Unified	NETCONF / eAPI / eAPI Config / ANTA / XDP integrated via A2A — operated with a single natural-language sentence
Safe	Dry-run → +/- diff → human approval → NETCONF / eAPI Config deploy → ANTA auto Post-Check
Diagnosis	Snapshot-diff RAG → 5-agent fault diagnosis with Self-Correction
Proven	Validated on Containerlab (cEOS 4.36.0F). XDP security demo available
AI	A2A Hub classifies intent via LLM → delegates to specialist agents (NETCONF / eAPI / eAPI Config / XDP / ANTA / Diagnose)
Microsoft	Azure Container Apps + Azure VM + Azure OpenAI + Microsoft Agent Framework

Demo

📹 Demo video (2 min 45 sec)

✨ Features

🔄 Natural language → NETCONF XML → Dry-run → diff → approval → deploy (Junos-equivalent pre-diff on cEOS)
🔍 eAPI + RAG high-speed show / state query (natural language → appropriate show command selected automatically)
🛠️ eAPI Config (NETCONF-unsupported area config change) — Covers VXLAN/EVPN and BGP network/redistribute via eAPI configure session.
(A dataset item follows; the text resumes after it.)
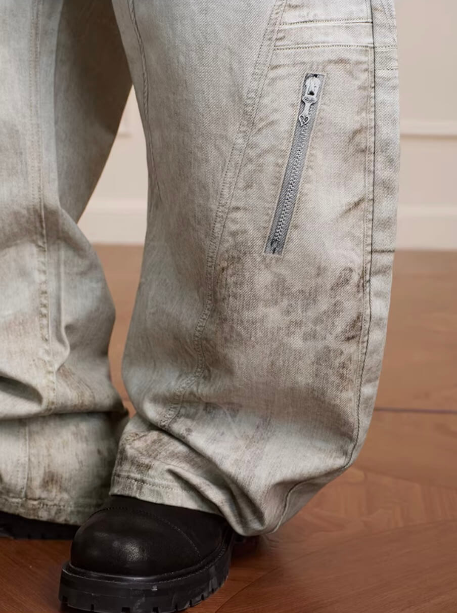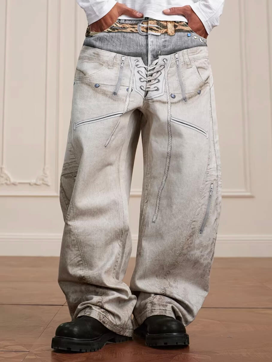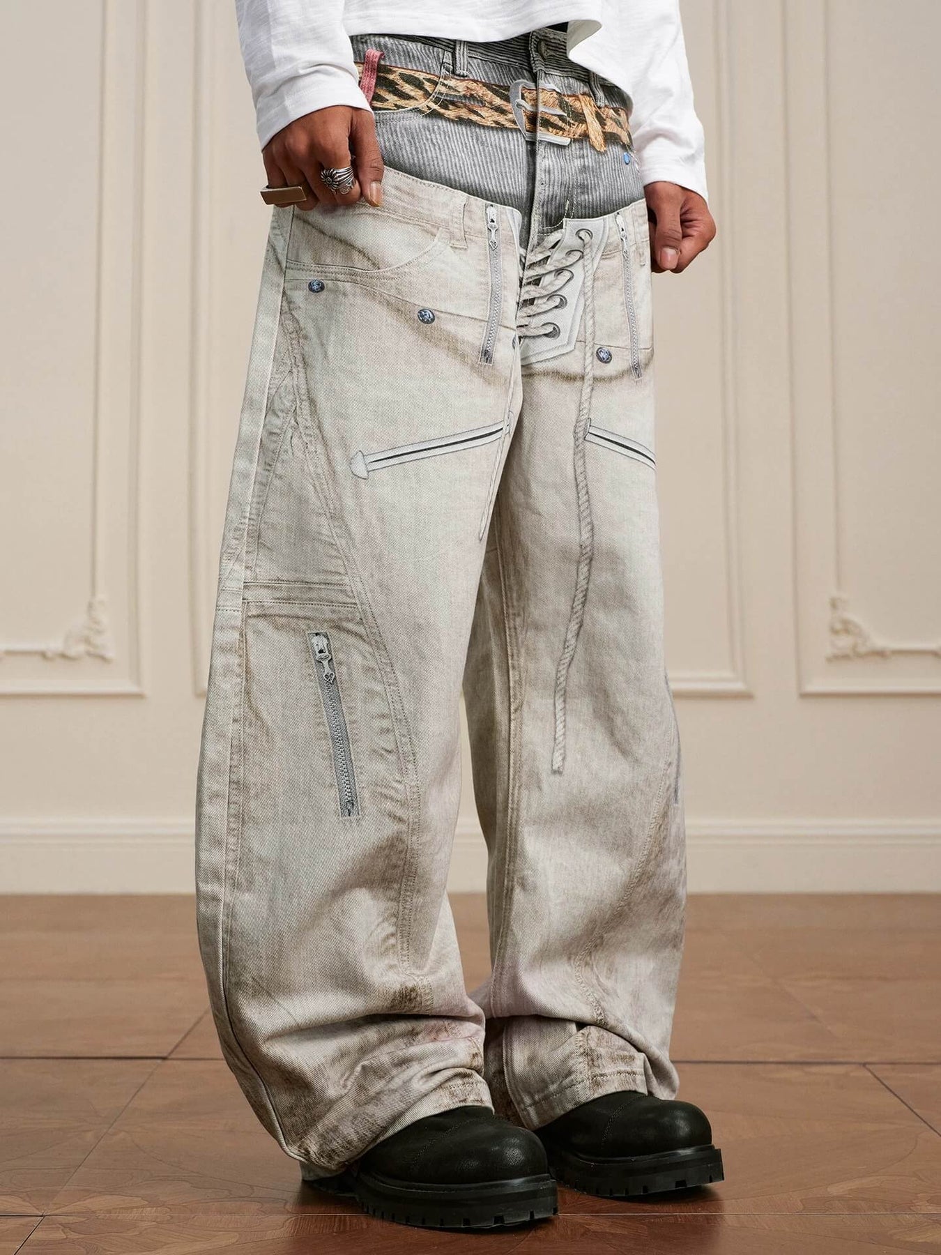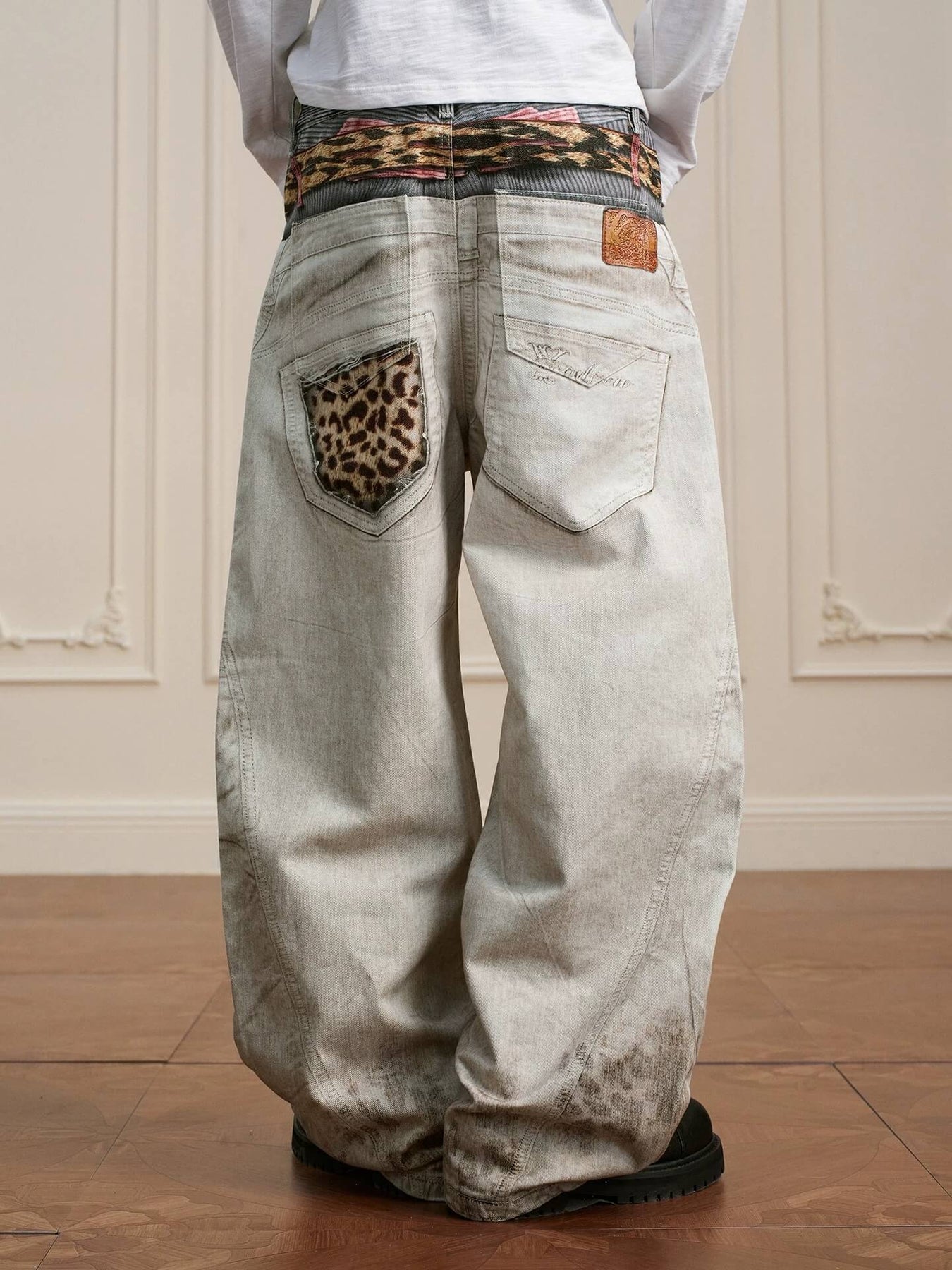 YADcrew Leopard Belt Double Waist 3D Digital Print Machete Jeans

Two-layer safety guard + Phase1 dry-run / Phase2 commit flow
🔎 Snapshot-diff RAG fault diagnosis — Saves normal-state eAPI output and injects Unified Diff into LLM context at diagnosis time. Five specialist agents (flow routing / L2 / L3 / consistency check / report) collaborate with automatic Self-Correction
✅ ANTA auto Post-Check (~340 ms / 11 tests after deploy — zero side-effects verified automatically)
🛡️ XDP/eBPF AI control (Human-in-the-loop — AI proposes, human approves before XDP rule is applied)
⚡ Groq → Azure OpenAI automatic fallback (shared across all servers; swap LLM with a single file change)

Architecture

┌─────────────────────────────────────────────────────┐
│            Azure Container Apps                      │
│  ┌────────────────────────────────────────────────┐  │
│  │  app_a2a.py (NiceGUI Web UI / port:8080)       │  │
│  │  · Natural language input → REST POST /execute │  │
│  │  · Dry-run → Diff review → Approve & Deploy    │  │
│  │  · ANTA Verify / Diagnose / Security tab       │  │
│  │  · i18n support (Japanese / English)           │  │
│  └────────────────────┬───────────────────────────┘  │
└───────────────────────│─────────────────────────────┘
                        │ HTTP
┌───────────────────────▼─────────────────────────────┐
│                   Azure VM                           │
│                                                      │
│  ┌─────────────────────────────────────────────┐    │
│  │  task_decompose_a2a_server.py  :8000         │    │
│  │  A2A Hub / LLM Router                        │    │
│  │  write  → :8001  / read      → :8002         │    │
│  │  security → :8003 / verify   → :8004         │    │
│  │  eapi_config → :8006 (VXLAN/EVPN・BGP CLI)  │    │
│  └────┬──────────┬──────────┬──────────┬───┬───┘    │
│       │          │          │          │   │         │
│  ┌────▼──┐  ┌────▼──┐  ┌───▼───┐  ┌───▼─┐ │        │
│  │:8001  │  │:8002  │  │:8003  │  │:8004│ │        │
│  │NETCONF│  │eAPI   │  │XDP    │  │ANTA │ │        │
│  │RAG    │  │Show + │  │Firewall│  │Verify│ │        │
│  │(cfg)  │  │Diff   │  │(eBPF) │  │(test)│ │        │
│  └───┬───┘  └───┬───┘  └───┬───┘  └──┬──┘ │        │
│      │          │          │         │    │         │
│  ┌───▼──────────▼──┐  ┌────▼─────────▼──┐ │        │
│  │  Arista cEOS    │  │ Go IPS REST API  │ │        │
│  │  (NETCONF/eAPI) │  │ :8080 (eBPF/XDP) │ │        │
│  └─────────────────┘  └─────────────────┘ │        │
│                                            │        │
│  ┌─────────────┐  ┌──────────────────────┐ │        │
│  │:8005        │  │:8006                 │◀┘        │
│  │Diagnose     │  │eAPI Config           │          │
│  │(5 agents)   │  │(VXLAN/EVPN・BGP CLI)  │          │
│  └──────┬──────┘  └──────────┬───────────┘          │
│         │                    │                      │
│  ┌──────▼────────────────────▼──┐                   │
│  │  Arista cEOS (eAPI / HTTPS)  │                   │
│  └──────────────────────────────┘                   │
└─────────────────────────────────────────────────────┘

Communication path note

Security tab real-time display (Top Traffic / Drop List / QoS List) polls Go IPS (:8080) directly from the Web UI — bypassing the A2A Hub.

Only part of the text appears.